Rise Celebrates Passage of the Child Poverty Reduction Act—And Calls for Community Groups and Impacted Parents to Lead Its Implementation

Art by Eileen Jimenez

New York Governor Hochul recently signed the Child Poverty Reduction Act into law after it was passed with near-unanimous support from the Legislature earlier this year. This legislation calls for the creation of a Child Poverty Reduction Advisory Council to explore policies, make recommendations and publish benchmarks, timelines and reports to ensure that NYS reduces child poverty by 50% within the next 10 years. A broad coalition of child advocacy, child care, health, child welfare and poverty-fighting organizations, including the Schuyler Center for Analysis and Advocacy, advocated for the passage of this important legislation.

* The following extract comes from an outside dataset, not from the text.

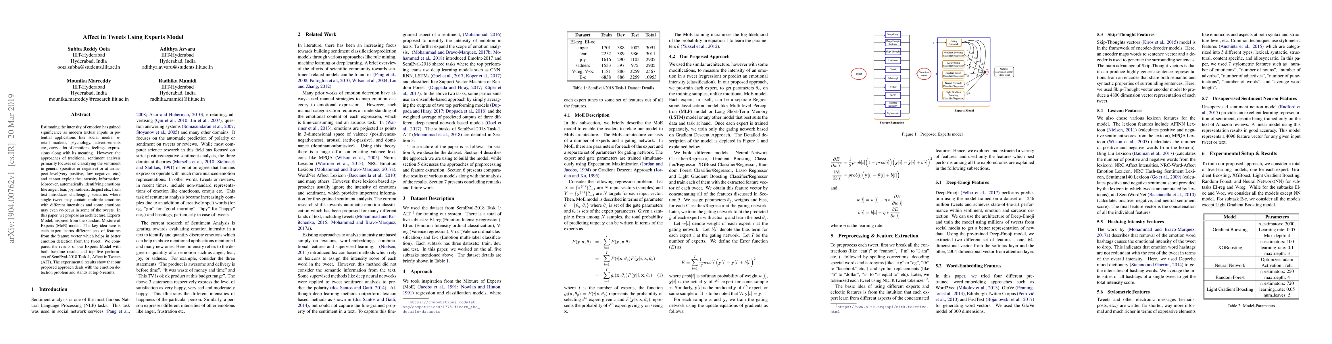 Estimating the intensity of emotion has gained significance as modern textual inputs in potential applications like social media, e-retail markets, psychology, advertisements etc., carry a lot of emotions, feelings, expressions along with its meaning. However, the approaches of traditional sentiment analysis primarily focuses on classifying the sentiment in general (positive or negative) or at an aspect level(very positive, low negative, etc.) and cannot exploit the intensity information. Moreover, automatically identifying emotions like anger, fear, joy, sadness, disgust etc., from text introduces challenging scenarios where single tweet may contain multiple emotions with different intensities and some emotions may even co-occur in some of the tweets. In this paper, we propose an architecture, Experts Model, inspired from the standard Mixture of Experts (MoE) model. The key idea here is each expert learns different sets of features from the feature vector which helps in better emotion detection from the tweet. We compared the results of our Experts Model with both baseline results and top five performers of SemEval-2018 Task-1, Affect in Tweets (AIT). The experimental results show that our proposed approach deals with the emotion detection problem and stands at top-5 results.

In November, Rise joined calls for passage of this legislation by submitting a letter of support to Governor Hochul, specifically highlighting the intersection of child poverty and family policing. As described in Rise’s participatory action research report, “In the eyes of the Office of Children and Family Services (OCFS), New York State’s family policing agency, being unable to provide food, clothing and shelter are seen as signs of child neglect. This broad category of neglect accounts for 76% of all ‘child maltreatment’ allegations made to ACS.” Because NY State’s definition of child maltreatment conflates poverty with neglect, reducing child poverty will also help to reduce hotline reports and families’ involvement with the harmful family policing system. 

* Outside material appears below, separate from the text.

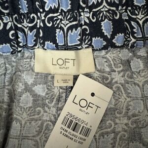 Loft Skirt Womens Large Blue White Floral Flowers Linen Blend Casual Career
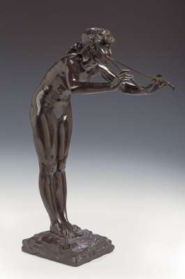 the naked female figure leaning forward and playing on two pipes, on naturalistically modelled rectangular base with snake rising from it, signed ‘Beguine’, with impressed marks ‘Soit-Decauville, Fondeur Paris’ and ‘6941’ (damage to one horn)

Rise celebrates passage of this Act, including its focus on strengthening and expanding NY’s Earned Income Tax Credit and child tax credit; expanding work training and employment programs; increasing access to subsidized housing vouchers; and expanding access to subsidized child care. In making recommendations, the Act calls for the advisory board to consider the disproportionate impact of poverty on various racial groups and what policies may assist in alleviating disparities, as well as ways to improve individuals’ access to benefits regardless of immigration status. 

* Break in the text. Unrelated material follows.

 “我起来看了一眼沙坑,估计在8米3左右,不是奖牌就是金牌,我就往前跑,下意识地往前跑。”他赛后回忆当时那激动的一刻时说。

The Child Poverty Reduction Act outlines groups that must have representative appointees on the advisory council developed to lead this effort. As the State works to create the advisory council, it is essential that people directly impacted by systems that punish poverty (including parents impacted by the family policing system) and individuals representing trusted community groups are the majority of its members and lead this work. That will require those tasked with appointing representatives, and the council itself, to consider power dynamics and ensure that the voices of those most affected are given weight in identifying solutions and making decisions. The advisory council should be accountable to communities impacted by poverty, and information about its membership and work should be transparent and accessible. 

It is concerning that the legislation calls for OCFS to be involved in the council, as family policing agencies do not address root causes of family stress, such as poverty and inequity. Rise’s participatory action research report calls for disentangling family support from family policing agencies. As the advisory council works to expand access to subsidized housing and subsidized child care, it is critical that these resources be made available to families without requiring that they be in crisis or involved with the family policing system. 

As the State begins to implement the Act, Rise calls for the advisory council to center representation, leadership and decision making by grassroots community groups and individuals directly impacted by poverty and by systems that police and punish poverty.